Einräumung eines Wohnungsrechtes an die Lebensgefährtin
Entscheidungstext
Berufungsentscheidung
Der Unabhängige Finanzsenat hat über die Berufung der Bw., vertreten durch Dr. Herbert Wimmer, Rechtsanwalt, 8410 Wildon, Hauptplatz 58, vom gegen den Bescheid des Finanzamtes Graz-Umgebung vom betreffend Schenkungssteuer entschieden:
Der Berufung wird teilweise Folge gegeben.

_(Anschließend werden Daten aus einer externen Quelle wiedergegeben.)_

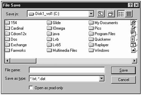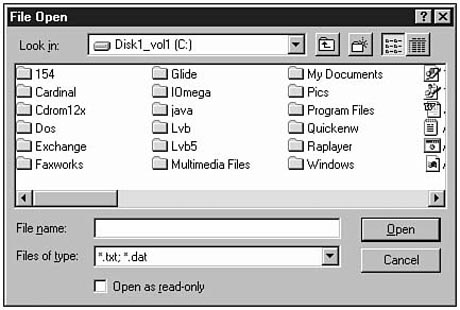 Surely you've seen the File Open dialog box in many Windows applications. The dialog box works just like it does in Microsoft Word and other applications; the user can select a pathname or a filename, change the view by clicking one of the View buttons, open the file as read-only so no changes are made to the file, and even select another drive or computer to choose from by clicking the Look in drop-down list box.
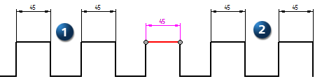 如果在快捷菜单中选择拆分对齐集后单击尺寸,将导致该尺寸单独出现,每侧有一个对齐集(1、2)。
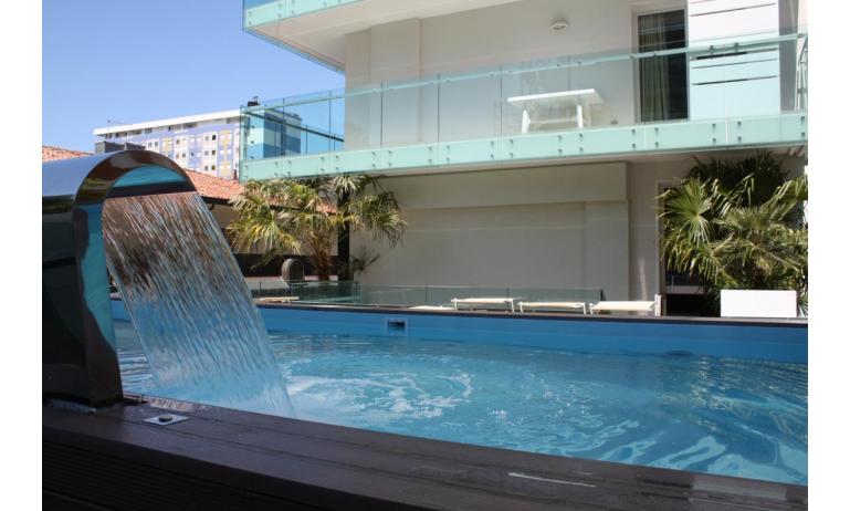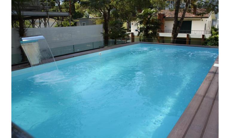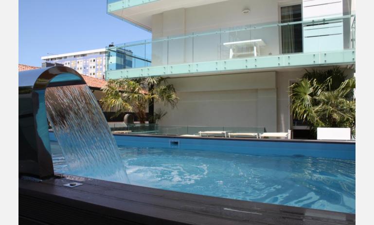 Tra il primo ed il secondo piano (non servito da ascensore, circa 20 gradini) è stata realizzata un' area relax esterna, composta da solarium e piscina (7 mt x 3 mt) con vasca d'acqua profonda 1,20 metri dotata di 3 postazioni per idromassaggio lombare ed una cascata cervicale.

Der angefochtene Bescheid wird abgeändert und die Schenkungssteuer gemäß § 8 Abs. 1 Erbschafts- und Schenkungssteuergesetz (ErbStG), BGBl 1955/141, idgF, mit 16 v. H. von 13.187,32 €, sohin im Betrag von 2.109,92 €, festgesetzt.
Entscheidungsgründe
Mit Wohnrechtsvertrag vom räumte HP für sich und seine Rechtsnachfolger seiner Lebensgefährtin MB (in der Folge kurz Bw. genannt) ein lebenslängliches und unentgeltliches Wohnungsrecht an der gesamten Wohnung G, Wohnung 2 (94/7122 Anteile an EZGB) ein. Lt. Vertragspunkt 3. wurde dieses Wohnungsrecht mit monatlich 200,-- € bewertet.
Mit Bescheid vom setzte das Finanzamt für die Bw. die Schenkungssteuer fest, dabei ausgehend vom monatlichen Wert des Wohnungsrechtes lt. Vertrag.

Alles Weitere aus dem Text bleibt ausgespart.